Information shown →
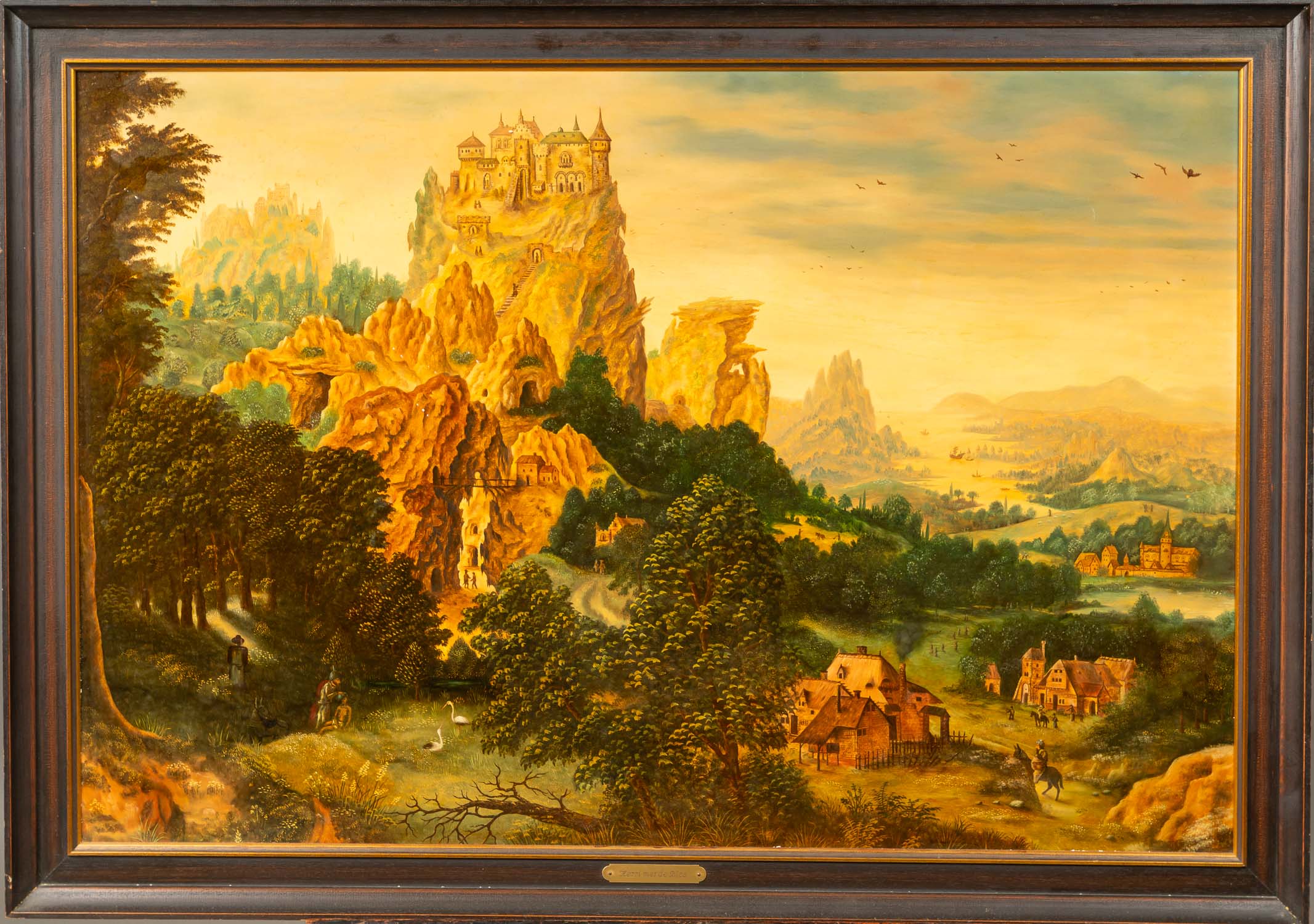 DEUTSCH AUCTIONEERS Lot007 in DetailHenri met de Bles (1510-1550)- follower, Landscape with mountains and travellers. Oil on board. Framed. 67 x 100 cm
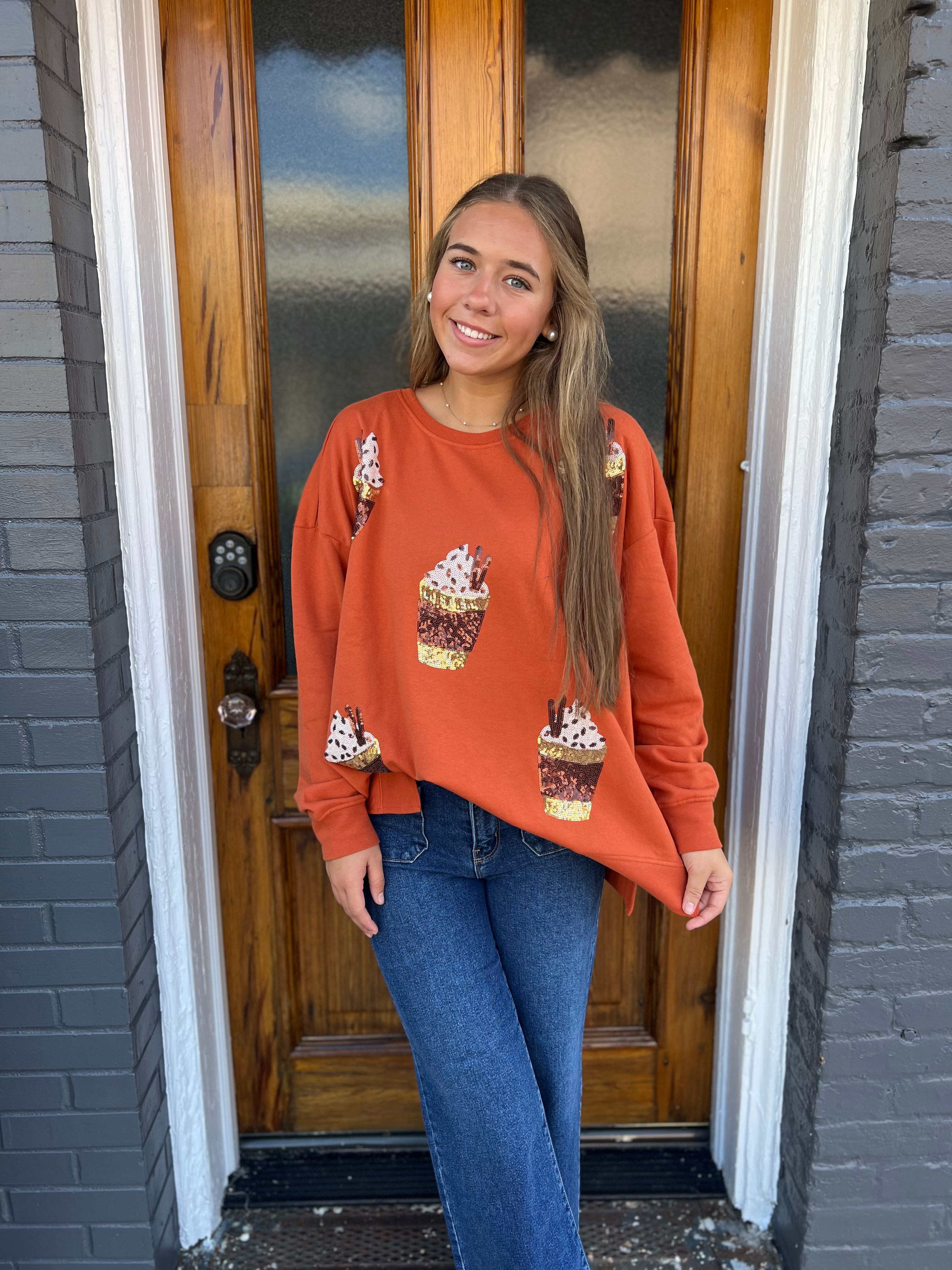 Embrace cozy autumn vibes with the Fall Sparkle Sweatshirt in Rust. Crafted from a soft cotton blend, this one-size-fits-most sweatshirt features eye-catching sequin cappuccino mug appliqués that add a playful yet chic touch. Measuring approximately 27" from shoulder to hem, it offers a comfortable fit perfect for layering. Stay warm and stylish as the season changes with this festive, sparkling essential.
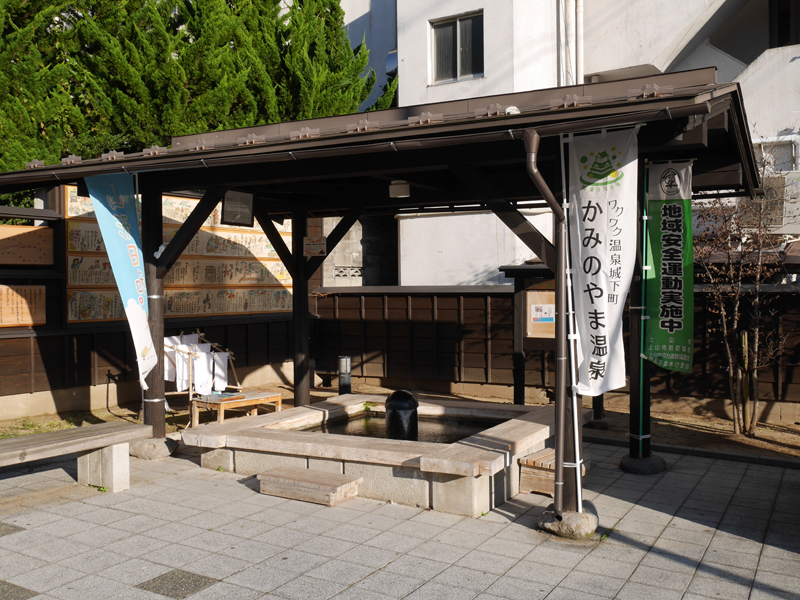 かみのやま温泉街にあるお蕎麦屋さんで、通りをはさんで向かいに無料の足湯があります。

Activity → Repeat the material above word for word, please, apart from its images.

Result below →
 DEUTSCH AUCTIONEERS Lot007 in DetailHenri met de Bles (1510-1550)- follower, Landscape with mountains and travellers. Oil on board. Framed. 67 x 100 cm
 Embrace cozy autumn vibes with the Fall Sparkle Sweatshirt in Rust. Crafted from a soft cotton blend, this one-size-fits-most sweatshirt features eye-catching sequin cappuccino mug appliqués that add a playful yet chic touch. Measuring approximately 27" from shoulder to hem, it offers a comfortable fit perfect for layering. Stay warm and stylish as the season changes with this festive, sparkling essential.
 かみのやま温泉街にあるお蕎麦屋さんで、通りをはさんで向かいに無料の足湯があります。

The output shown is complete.